百合
□隣のあの子
1ページ/1ページ
ついっ――、と横にやった目は、となりになったあの子を見てる。
いつぶりだろう、と思った。授業中に起きているなんて。
今日は週の真ん中、水曜日にあたるわけだが、少なくとも週初め――月曜と火曜は寝ていた記憶がある。だってつまらないじゃないか。数学だの英語だの国語だの。分からない、ひとつも理解できない。
だけどこんな世の中だ高校くらい出ておかなくては駄目だろう。仕方がないから留年回避のために、出席だけはしている私はまあまあ頑張っていると思わないか。
なんていう考えの私が、何故か昨日の五限目。席替えをした時から、一睡たりともしていないのだ、学校で。
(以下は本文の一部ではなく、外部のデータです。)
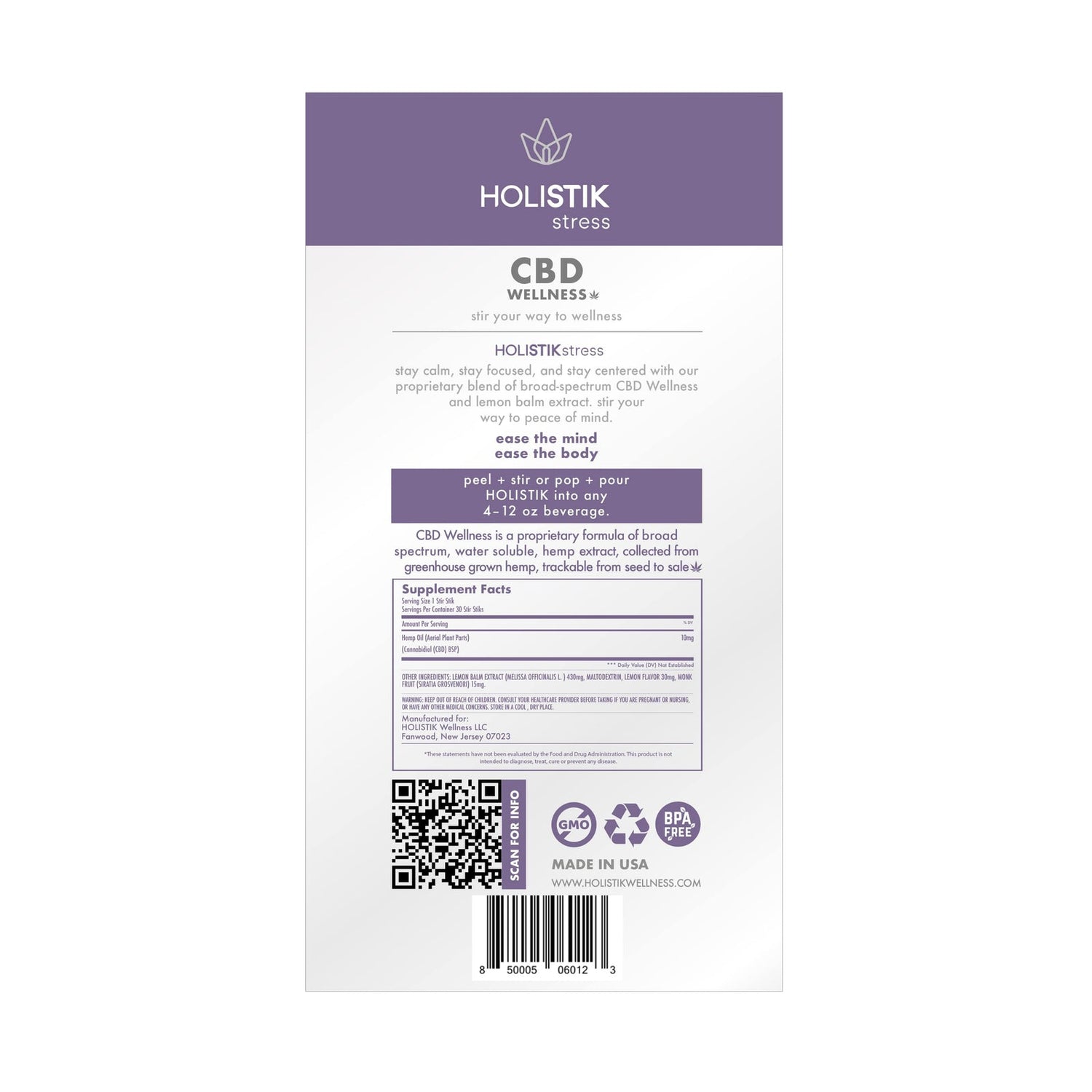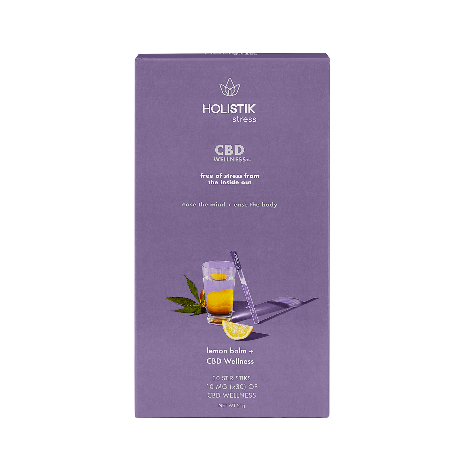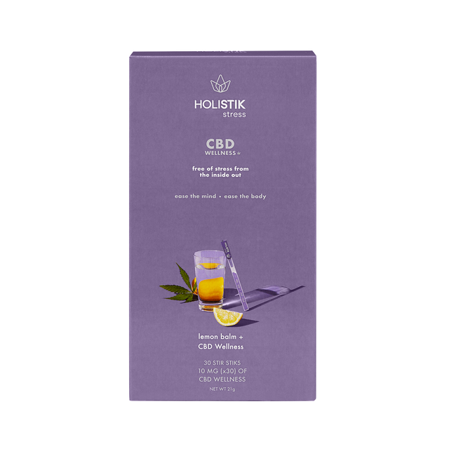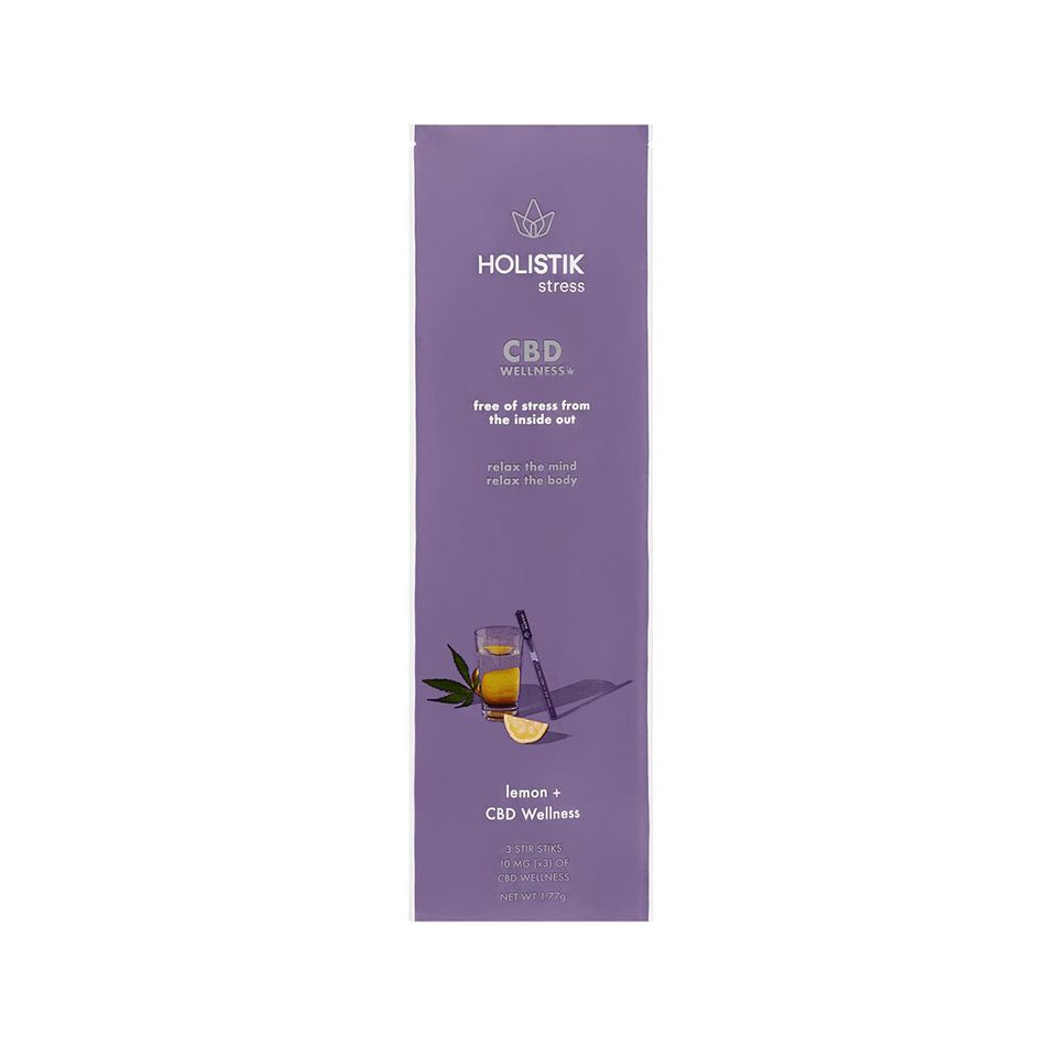 The HOLISTIK Stress STIK delivers a pre-portioned 10mg dose of fast acting, broad-spectrum, hemp-derived CBD blended with all-natural lemon balm extract known to support a calm mind and body in response to everyday stressors. The HOLISTIK Stress Stir STIK is designed to 'Pop & Pour' or 'Peel & Stir' your way to calm. The CBD drink mix makes it easy to manage daily stress by simply adding into a glass of water or your favorite hot or cold beverage.

奇跡。と、数少ない友人が言った。そうだな、自分でもそう思う。
何故なのか、と言われれば明確な理由を答えることは出来ない。私にも分からない。けれど、隣のこの子が関係していることは間違いない。だって席替えした途端、だったのだから。
「田村」
「……はい」
先生から名前を呼ばれて、意識を黒板に戻す。
不機嫌な顔の先生が私を見ていた。
「この問題に、」
「わかりません」
尋ねられる前に答えてやったら、更に苦い顔になった。
そんな顔されても分からないものは分からない。というか最早、今が何の授業中なのかすら分かっていないのに、その問題を解けとか、無茶を言う。
「……それじゃあ、笹井」
先生の目線が横に移る。
呼ばれた名前は、今まで私が見ていたあの子。
笹井は何かわからない呪文のような言葉をつぶやき、それを聞いた先生は、正解だと満足そうに言った。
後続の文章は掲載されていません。